The idea is that theoretically one could portray an anti-socialist "revolution" of sorts in the same median between utopia and dystopia as the American socialist society that emerges in Reds!/Red Dawn. Somewhere in-between Probability Broach style libertarian wank and a fascist America timeline. The problem is that I'm not even sure what to call such a thing. Whites like the White Army? And what do you call their "revolution"? A counter-revolution?

This is the discussion thread for such a proposed timeline. I'm interested in the topic and if some discussion here sparks a specific concept for me I think I might take a shot at the TL. If someone else is also inspired and wanted to do their own take on it or to collaborate, that would be cool to.
 

Sachyriel

Banned
Well, I think any anti-socialist revolutionaries would call themselves the "Blues" to contrast with the "Reds". People taking niether side could be called "Whites"...
 

Wolfpaw

Banned
Well, I think any anti-socialist revolutionaries would call themselves the "Blues" to contrast with the "Reds". People taking niether side could be called "Whites"...
I dunno. They may prefer "Whites" to "Blues" in the South...;)
 

Teleology

Banned
I'd want to avoid stepping on the toes of the Reds timeline by using the Great Depression as the turning point, even though it is such a pivotal moment in US history.

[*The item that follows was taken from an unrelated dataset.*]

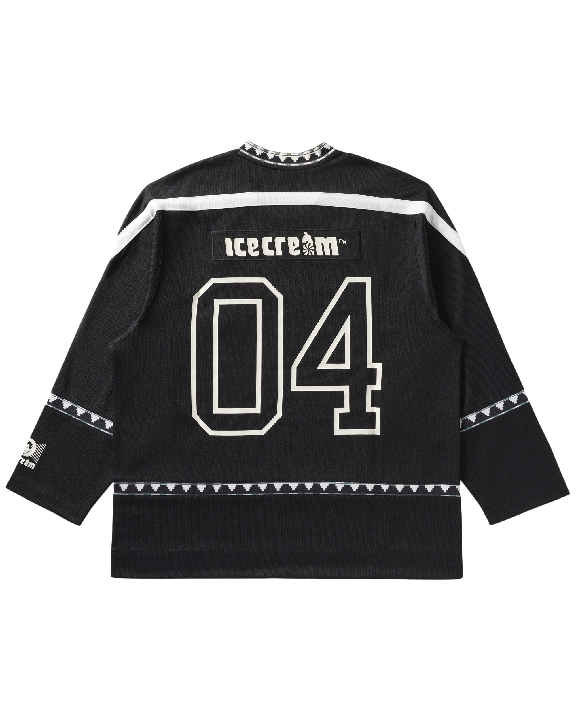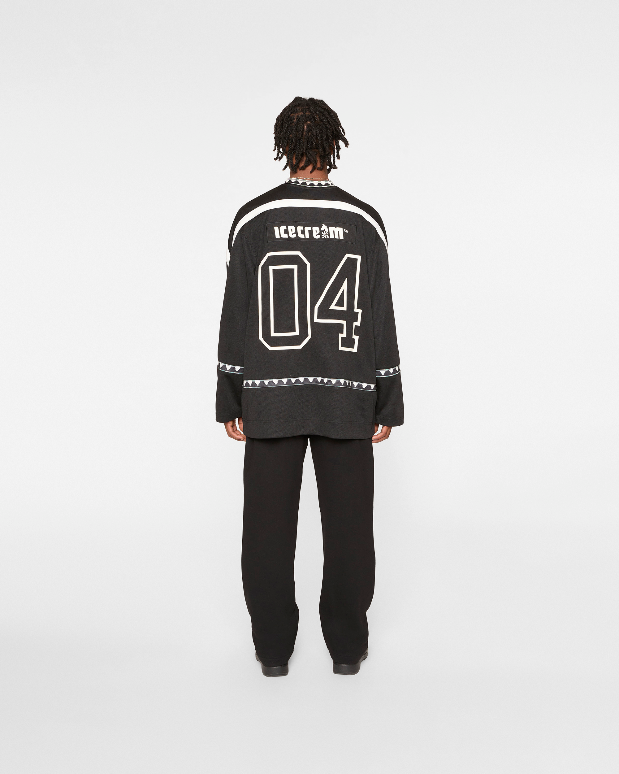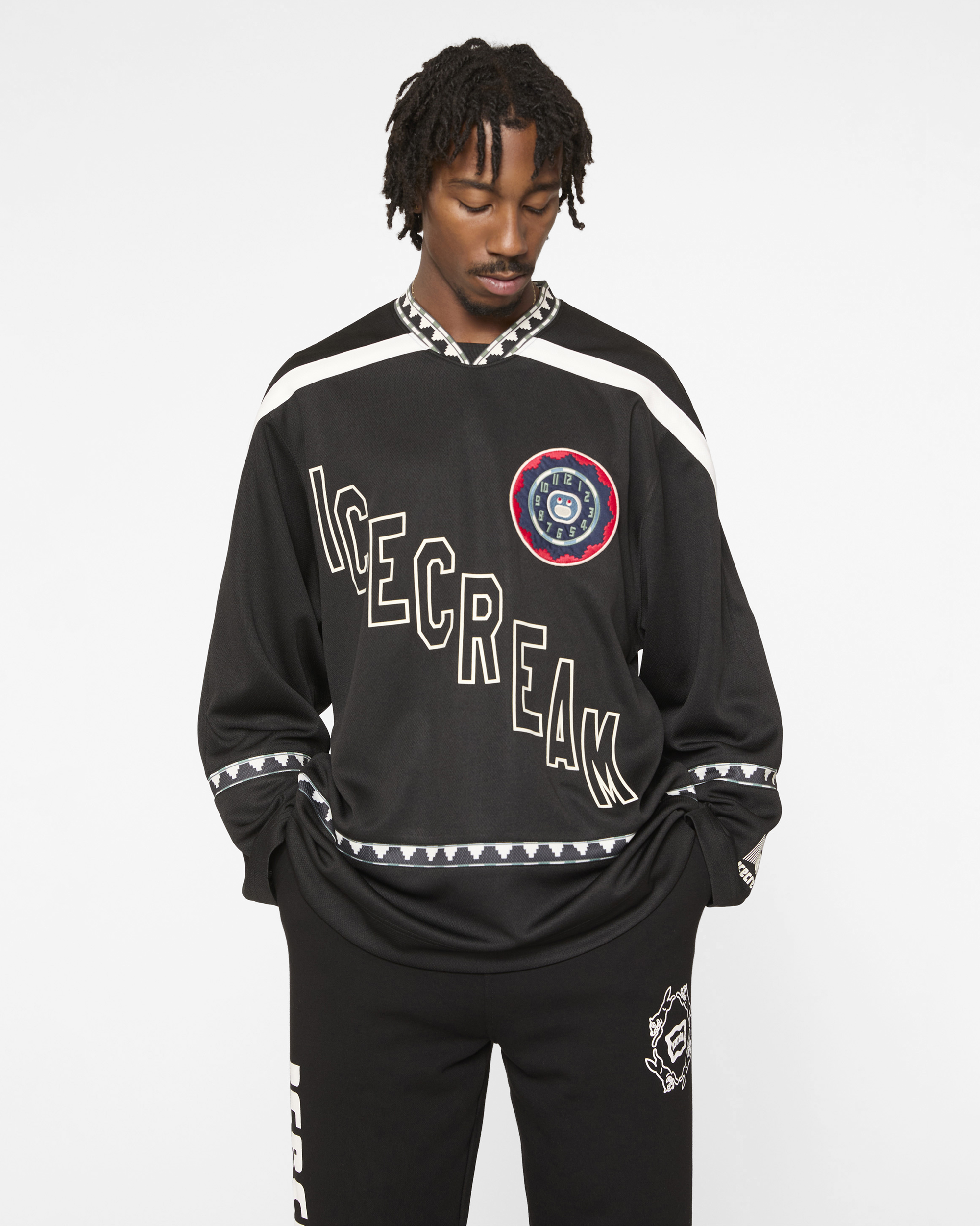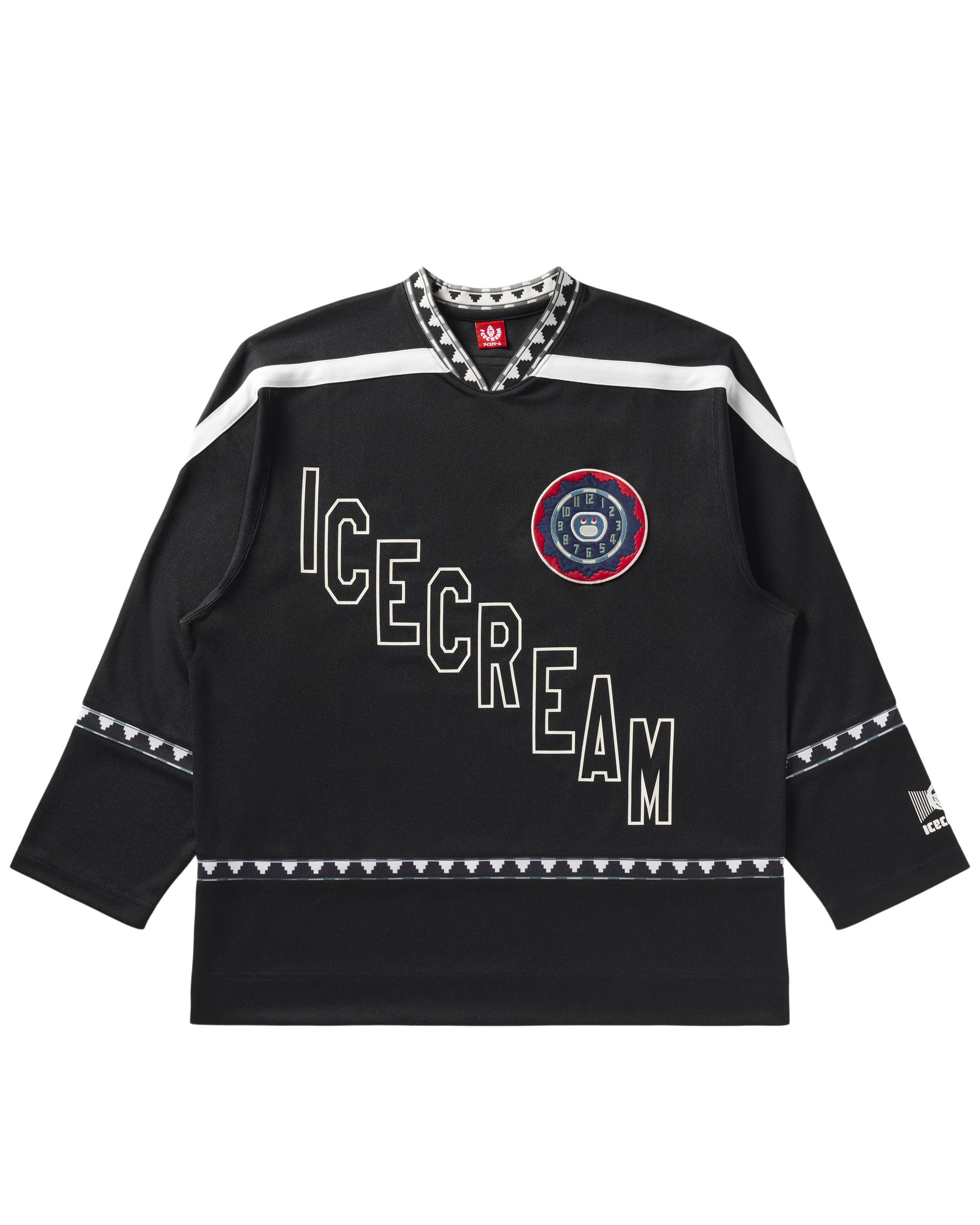 The Party on Jersey LS Knit features an Icecream graphic across the front with a woven patch on the left chest. The back displays the Icecream logo paired with a 04.
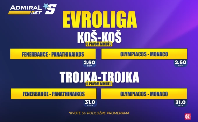 Kvota koju daje AdmiralBet je 31.00 za oba meča!

If I were to do something focusing on on the Depression, it might involve events in the decades leading up to it being different enough to cause anti-union liberty commissions to get popular enough to form a national organization during the Depression. The idea of patriotic boosterism being used to distract people from crippling poverty and unite them against progressive reforms seems interesting. And by having a "pet the dog moment" like kicking chairman Lindbergh out of the national organization for siphoning funds to the German-American Bund you could modulate it a little bit (even if the cause was less "we don't like Hitler's Germany" and more "we don't trust Germans after the Great War", "we're nativists", "we like the Italian Fascist model better and they're at odds with the Germans" or something like that. The Nativist Wing, Veteran's Wing, and Pro-Fascist Wing distancing the National Liberty Committee from groups like the Bund...interesting thought).
 
If you want to branch off of Reds! that would not be a problem for me.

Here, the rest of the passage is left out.